Does this sound familiar? The government of Ontario announces a program to purchase clean energy from a group of power consortiums outside the province. A provincial election comes along and the new premier says he will cancel those contracts, and in addition will pass legislation making the cancellations lawsuit-proof. Doug Ford 2018? No, in this instance it is Mitchell Hepburn in 1934.

By way of background it was the late 1920’s and Ontario was ruled by a Conservative government led by G. Howard Ferguson. Ferguson, it was whispered had engaged in some fishy deals with timber companies years earlier as Minister of Natural Resources.  Ontario’s economy was booming and there was a need for more electrical power. Rather than pursue an expansion of Ontario’s power generation capacity, the Ferguson government entered into several agreements with power barons in Quebec who were promoting schemes to tap the St Lawrence and Ottawa Rivers. Then the Depression hit and with it industrial activity ground to a halt and the Province was stuck with a glut of expensive power that it no longer needed.

Like Doug Ford, when Hepburn took power he vowed to launch a series of investigations into the spending of the previous government. A commission was set up to investigate the Quebec Hydro contracts. Hamilton’s Thomas Baker McQuesten was a member of the Hepburn Cabinet and a member of the Hydro-Electric Power Commission. In his maiden speech in the legislature he charged that, as in the Ferguson timber deals, the former premier had received political contributions in exchange for granting the Quebec power contracts.. Said McQuesten, “I refuse to believe in the honesty of the commission which approved of these contracts.”

Following the repudiation of the hydro contracts there was a short term dip on Canadian stock exchanges. In the end, the Power companies sued the government and eventually the Privy Council in London, which was Canada’s highest court at the time, ruled against the province. But in the meantime the power companies had come back to the table and renegotiated the deals at lower costs. By the time it was all over, the economy had rebounded and there was a need for the extra power.

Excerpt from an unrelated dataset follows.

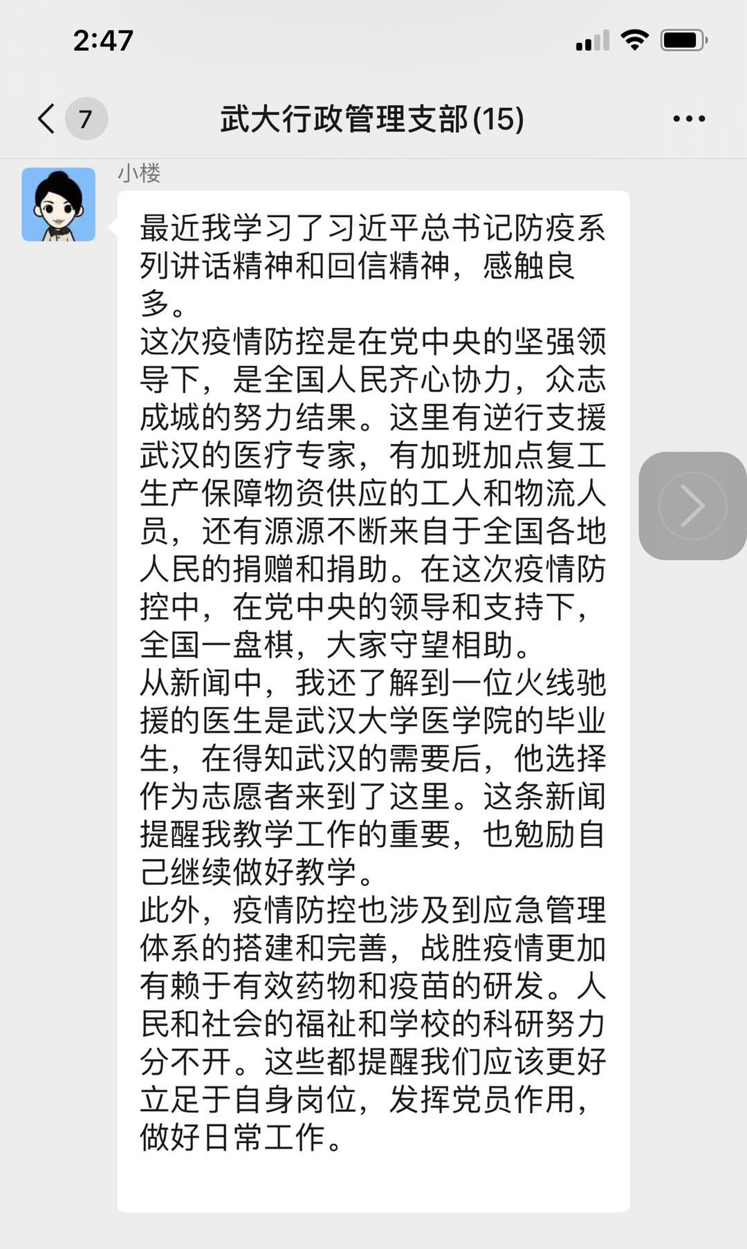 這段時間,在抗擊新冠病毒取得了階段性勝利之時,行管支部組織大家學習(xi) 了總書(shu) 記的有關(guan) 講話精神,作為(wei) 一名親(qin) 曆疫情身在疫區的黨(dang) 員,有幾點感悟與(yu) 反思:

Some legal scholars believe the Privy Council went too far in ruling that the province had no right to pass legislation repudiating the hydro contracts. Fast forward to today where the Ford government plans to cancel hundreds of wind and solar contracts and in addition says it will pass legislation making the government immune from law suits. It could end up being a case of “déjà vu all over again”

Providing a Fresh Perspective for Burlington and Hamilton.

3 Comments to: Echoes of 1930’s in Ford Hydro policy

  1. Marshall

    August 22nd, 2018

    According to Wikipedia, Hepburn’s cancellation of hydro contracts “temporarily shut Ontario out of world bond markets.” (And that was long before globalization spread its wings.) Hepburn’s reputation as a pig-headed autocrat allergic to complex issues also came with a painful political cost. And in the end, most of the energy contracts were re-signed or renegotiated in the same term they were cancelled.

    BTW, it says a lot about our economic circumstance that pundits are looking for cheery parallels in the austerity measures of Great Depression-era Ontario.

  2. Marshall

    September 7th, 2018

    In sobering news for rookie Premier Doug Ford, Ontario lost more than 80,000 jobs last month — the equivalent of the population of Peterborough.

    That’s the province’s greatest loss of jobs in a Statistics Canada monthly employment survey since the 2009 global recession, though it seems largely due to seasonal fluctuation.

    While Ontario’s unemployment rate rose to 5.7 per cent in August — up 0.3 percentage points from July — it remains lower than Canada’s national average of 6 per cent and well under the 8 per cent during the depth of the worldwide slump.

    Still, last month’s decline of 80,100 jobs is the sharpest drop since January 2009 when 95,700 jobs vanished during the biggest international financial crisis since the Great Depression.